▶ [Problem statement] Below are the records; give again exactly the lines from the one containing "繫大橋から上流部を望む" through the one containing "Código: 40064 Modelo: ASTRA", leaving out pictures.

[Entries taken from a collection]
■ ■ ■ ■
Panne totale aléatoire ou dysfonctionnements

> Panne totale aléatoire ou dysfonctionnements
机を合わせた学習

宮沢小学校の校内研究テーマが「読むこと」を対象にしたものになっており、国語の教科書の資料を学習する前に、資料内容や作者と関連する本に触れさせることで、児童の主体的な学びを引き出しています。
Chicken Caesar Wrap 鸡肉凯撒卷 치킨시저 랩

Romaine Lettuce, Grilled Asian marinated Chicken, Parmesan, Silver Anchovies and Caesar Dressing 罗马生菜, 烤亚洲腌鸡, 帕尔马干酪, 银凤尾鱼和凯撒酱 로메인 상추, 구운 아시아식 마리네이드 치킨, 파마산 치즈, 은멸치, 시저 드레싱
■ ■ ■ ■
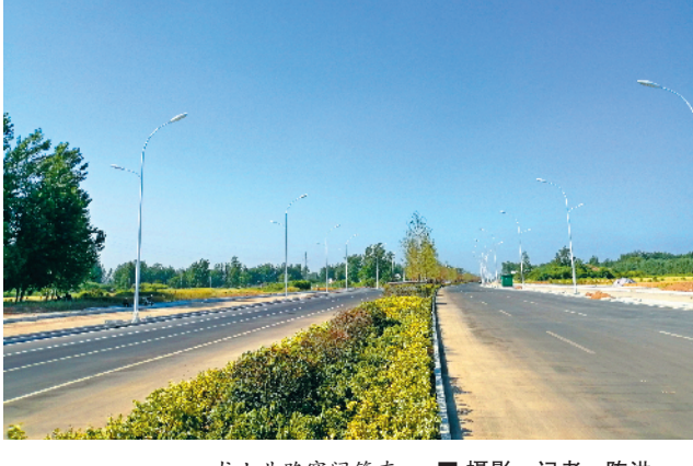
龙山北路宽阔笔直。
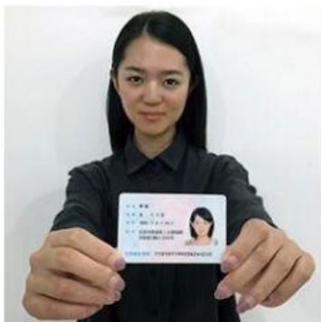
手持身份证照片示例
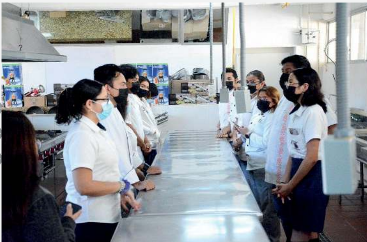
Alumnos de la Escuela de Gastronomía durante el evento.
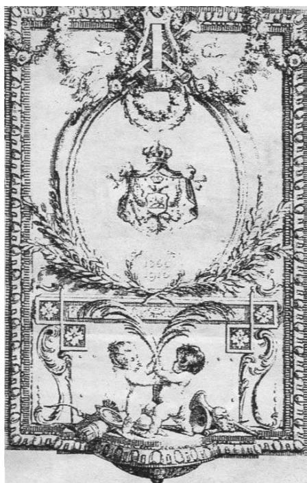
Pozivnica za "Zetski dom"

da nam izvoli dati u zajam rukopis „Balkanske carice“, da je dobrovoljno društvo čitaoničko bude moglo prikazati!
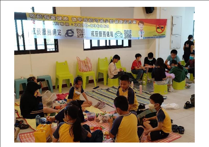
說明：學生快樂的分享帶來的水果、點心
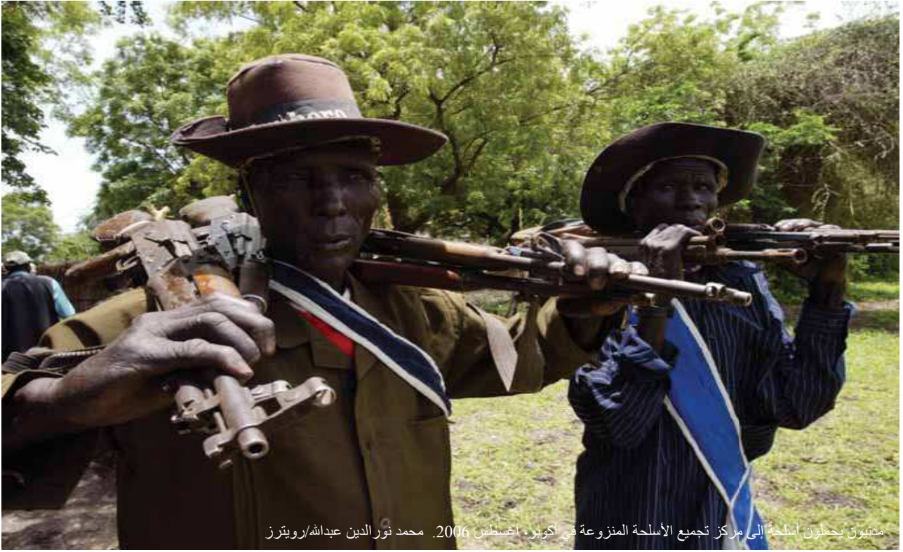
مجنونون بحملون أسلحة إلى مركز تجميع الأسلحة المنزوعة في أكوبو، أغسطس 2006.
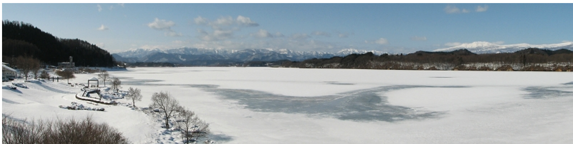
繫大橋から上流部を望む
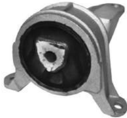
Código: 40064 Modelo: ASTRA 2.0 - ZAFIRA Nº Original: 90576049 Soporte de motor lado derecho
■ ■ ■ ■
▶ [Answer for the task]
繫大橋から上流部を望む
Código: 40064 Modelo: ASTRA 2.0 - ZAFIRA Nº Original: 90576049 Soporte de motor lado derecho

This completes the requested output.